There are some outliers present in both sides of maximum variables. We can remove or replace these values with suitable statistical metrix for further analysis to get better results.

It can be concluded from the plot that the charges in days are higher which is shown previously using distplot.

# Conclusion from EDA

* 14% of customers are churning.

* There are some states like New Jersey, Texas etc. where the churn is more.
* The company need to grab more customers from states like California, Louisiana etc. 
 
* Most of the customers have account for duration of 3-5 months.

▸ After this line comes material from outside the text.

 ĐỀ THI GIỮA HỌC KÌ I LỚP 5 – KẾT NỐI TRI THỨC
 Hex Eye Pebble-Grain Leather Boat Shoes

There are not a single customer having account length of more than a year.

* The charges in night are less as compared to other times of the day.

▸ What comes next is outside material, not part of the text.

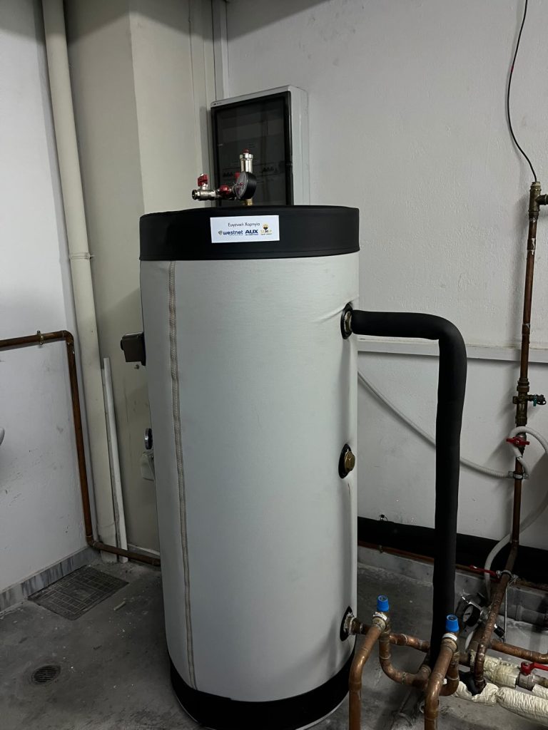 Στο πλαίσιο αυτό, προχωρήσαμε σε δωρεά στο Εθνικό Μετσόβιο Πολυτεχνείο μιας αντλίας θερμότητας AUX 16 kW τελευταίας τεχνολογίας με ψυκτικό R290, πλήρους υδραυλικού εξοπλισμού, φωτοβολταϊκού πεδίου 10 kW, μπαταρίας 10 kWh, τριφασικού υβριδικού inverter, καθώς και ολοκληρωμένου συστήματος διαχείρισης ενέργειας (ΗEMS). Ολόκληρο το σύστημα – αντλία θερμότητας, φωτοβολταϊκά, μπαταρία και inverter – διαθέτει δυνατότητα απομακρυσμένης παρακολούθησης και διαχείρισης.

* There are very few customers(around 8%) who have called customer service more than 3 times.

* Churn is high when total international calls are less. But there are very few customers who have opted for this plan.

* As higher day charge leads to more churn, the company need to reduce day charges in order to reduce customer churn.

* Customers who have churned among those most of them have called customer service once.

* Total day charge and customer service calls are correlated with churn with correlation coefficient of 0.21.

* There are some outliers present in both sides of  maximum variables.